When a white person says they don’t see race, they mean, “I’m not adding something to our relationship that would separate you from me.” As I understand it, if you’re black, you’re hearing, “I’m acceptable if I deny an essential part of who I am.” There’s a huge discrepancy in meaning there, and a cartful of issues to sort through.
I’m always timid about adding my comments. Will some barely disguised ignorance show through?
I have several blogging friends who are black, and I follow their blogs and interact with them because I like them. Some of them address race more frequently than others, and I’m always timid about adding my comments to their posts. Will some hidden arrogance, some barely disguised ignorance show through? I’ve had some people reply sharply to my comments, but fortunately, I’ve been smart enough to respond and try to work through any misunderstandings or subtle feelings of whatever I may be expressing.
I’m acutely aware of the danger of sounding condescending. Plus, when you’re leaving a comment on a blog, the context of Who I Am isn’t there. If you haven’t interacted with me, all you have is my little profile picture, little white me in my pink blouse, to give you any insight into who I am.

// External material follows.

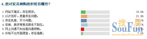 眾所周知,網(wǎng)購(gòu)的好處是方便、便宜,但是對(duì)于家居商品而言,它所涉及的硬傷卻不少。在“您對(duì)家具網(wǎng)購(gòu)的擔(dān)憂有哪些?”的題目中,網(wǎng)友對(duì)于質(zhì)量、價(jià)格、溝通、售后服務(wù)等問(wèn)題的投票都較為平均,而“安裝、換貨等售后等售后服務(wù)不到位”以23.7%的比例首當(dāng)其沖,而“以次充好”、“存在色差”等眾多問(wèn)題也讓消費(fèi)者對(duì)家具網(wǎng)購(gòu)不得不考慮多三分。

I can never fully understand the black experience. I want to be open, empathetic and supportive of all races and other minorities. Even as I write that, I’m reminded I was chastised once for using the term “races” synonymously with “minorities.” I felt like I couldn’t win, although I did have a decent discussion with that blogger.
I’m reminded of Rodney King, victim of terrible racial abuse, who, after his ordeal had been addressed by the courts and the public, said, “Can’t we all get along?” Some people mocked him for saying it, some called it simplistic and even foolish. I don’t want to brush over the evil or painful, but I do want us all to get along.
I know it isn’t that easy.
I’m asking my black friends to bear with me. I sincerely want to do better. I’m asking my white friends to seek understanding. For that matter, we should all seek understanding. The learning and growth are a strengthening process for all of us.
This is a turbulent time for our country, but it’s also a time of opportunity. I hope someday understanding is, indeed, as natural as breathing.
As the man said, you don’t get awards for breathing.